*Task data*.
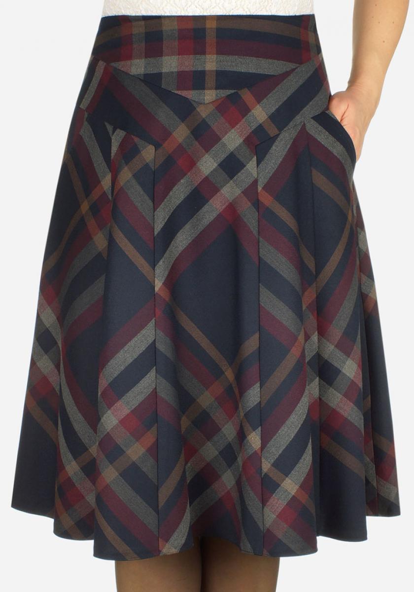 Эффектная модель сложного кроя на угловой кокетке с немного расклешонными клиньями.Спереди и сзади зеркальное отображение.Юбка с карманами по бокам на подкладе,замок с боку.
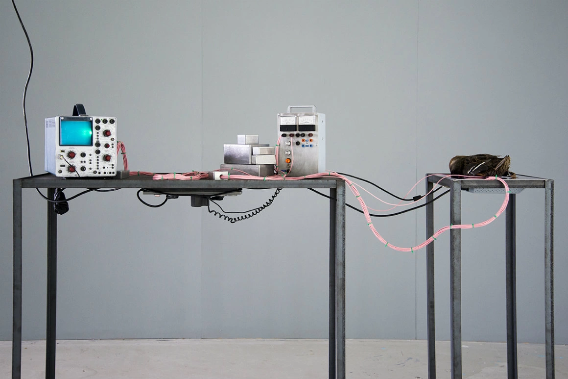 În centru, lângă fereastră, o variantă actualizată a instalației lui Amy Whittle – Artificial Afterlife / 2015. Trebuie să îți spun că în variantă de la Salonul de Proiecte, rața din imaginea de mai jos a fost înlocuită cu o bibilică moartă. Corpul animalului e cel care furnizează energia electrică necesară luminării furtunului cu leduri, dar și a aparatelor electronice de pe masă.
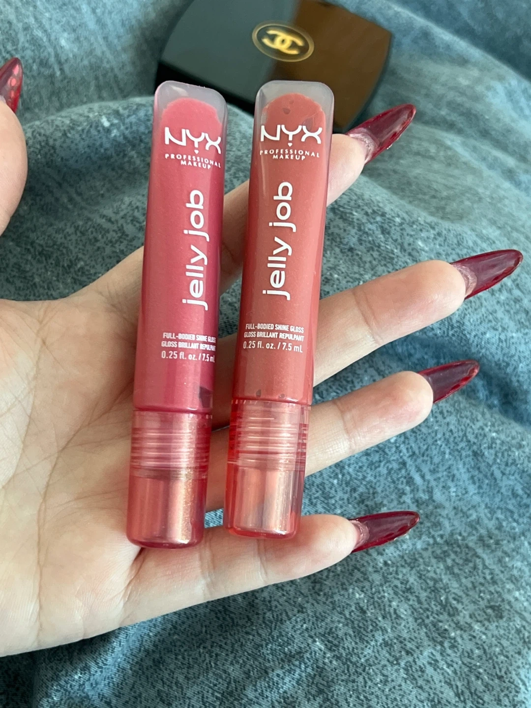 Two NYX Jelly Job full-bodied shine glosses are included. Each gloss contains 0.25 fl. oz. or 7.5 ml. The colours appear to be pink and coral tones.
* * *
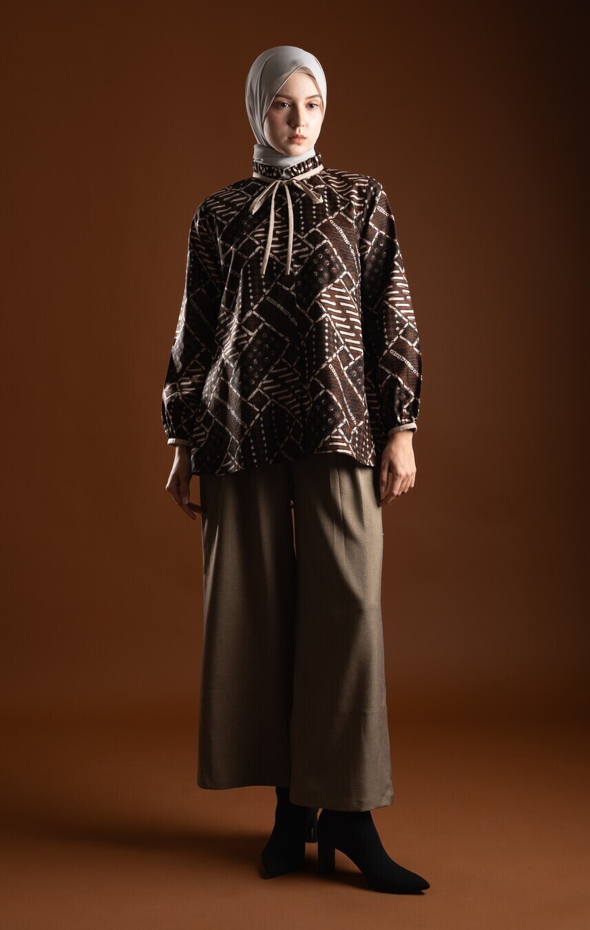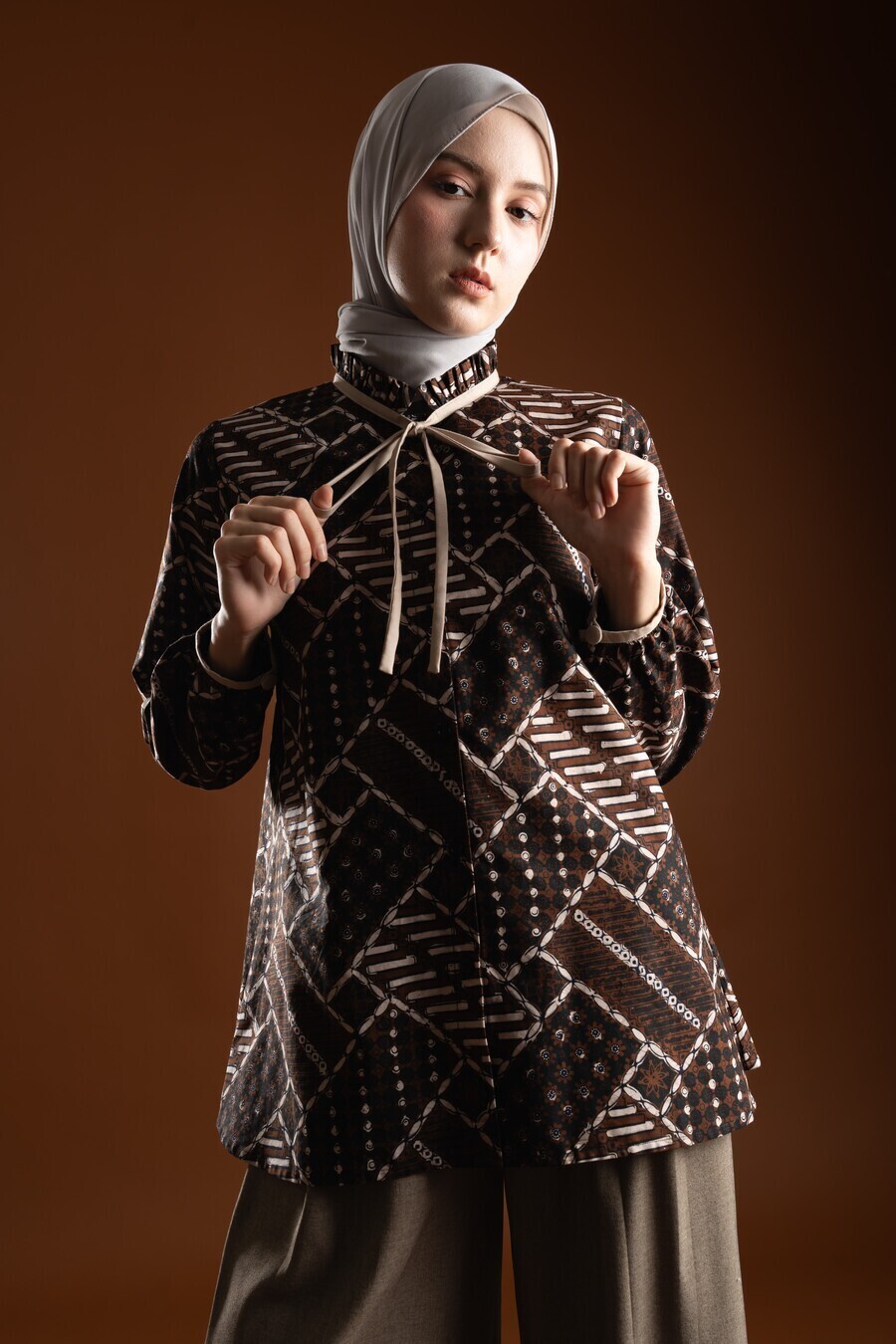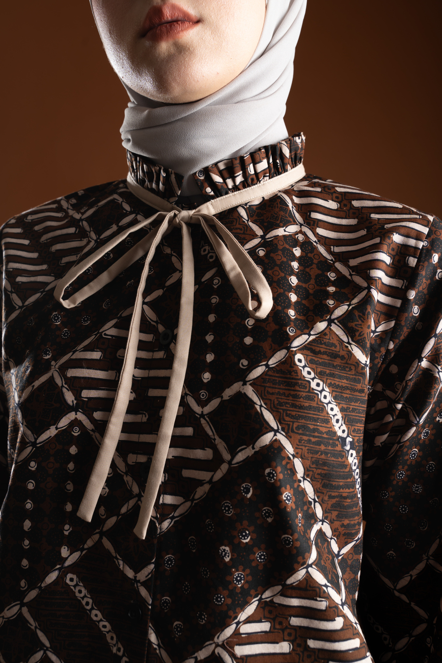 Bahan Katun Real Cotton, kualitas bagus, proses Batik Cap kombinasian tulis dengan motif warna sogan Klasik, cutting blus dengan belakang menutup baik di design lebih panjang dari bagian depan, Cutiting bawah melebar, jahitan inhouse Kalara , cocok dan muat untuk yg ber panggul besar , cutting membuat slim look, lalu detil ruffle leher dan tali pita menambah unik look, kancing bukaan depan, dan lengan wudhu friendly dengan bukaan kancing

*The problem*.
Because only one stretch of the records is wanted, please output the lines from the one holding "Эффектная модель сложного" through the one holding "În centru, lângă" exactly, both included, and leave every picture out.

*Exercise response*.
 Эффектная модель сложного кроя на угловой кокетке с немного расклешонными клиньями.Спереди и сзади зеркальное отображение.Юбка с карманами по бокам на подкладе,замок с боку.
 În centru, lângă fereastră, o variantă actualizată a instalației lui Amy Whittle – Artificial Afterlife / 2015. Trebuie să îți spun că în variantă de la Salonul de Proiecte, rața din imaginea de mai jos a fost înlocuită cu o bibilică moartă. Corpul animalului e cel care furnizează energia electrică necesară luminării furtunului cu leduri, dar și a aparatelor electronice de pe masă.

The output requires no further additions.